» Your goal: Below this line is a listing that includes pictures. Copy exactly, and only, the lines from the one containing "Chẳng hạn như" through the one containing "疫情无情人有情,潮汇众善成大"; the pictures do not go in the copy.

» The data:
Content starts
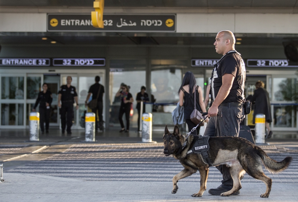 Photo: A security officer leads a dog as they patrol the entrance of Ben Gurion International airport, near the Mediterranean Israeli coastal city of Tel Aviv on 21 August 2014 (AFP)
Content ends
Content starts
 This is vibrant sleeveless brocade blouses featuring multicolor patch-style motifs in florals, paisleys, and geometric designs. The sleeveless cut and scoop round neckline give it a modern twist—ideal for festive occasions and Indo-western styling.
Content ends
Content starts
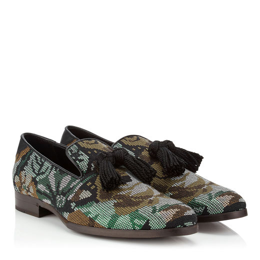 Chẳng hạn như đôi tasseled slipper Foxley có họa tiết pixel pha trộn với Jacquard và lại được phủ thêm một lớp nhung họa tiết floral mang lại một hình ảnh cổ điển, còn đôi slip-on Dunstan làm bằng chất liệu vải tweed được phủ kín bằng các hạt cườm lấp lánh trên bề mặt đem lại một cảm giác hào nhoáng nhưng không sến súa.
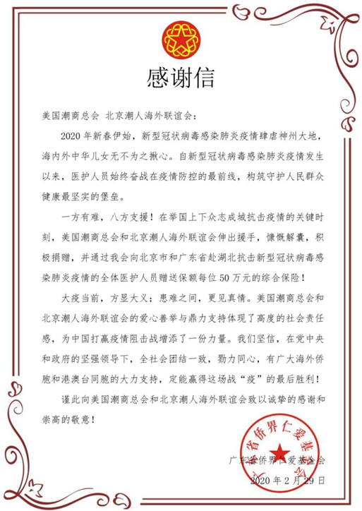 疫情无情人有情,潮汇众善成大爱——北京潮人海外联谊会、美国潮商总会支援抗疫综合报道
Content ends
» Response for this exercise:
 Chẳng hạn như đôi tasseled slipper Foxley có họa tiết pixel pha trộn với Jacquard và lại được phủ thêm một lớp nhung họa tiết floral mang lại một hình ảnh cổ điển, còn đôi slip-on Dunstan làm bằng chất liệu vải tweed được phủ kín bằng các hạt cườm lấp lánh trên bề mặt đem lại một cảm giác hào nhoáng nhưng không sến súa.
 疫情无情人有情,潮汇众善成大爱——北京潮人海外联谊会、美国潮商总会支援抗疫综合报道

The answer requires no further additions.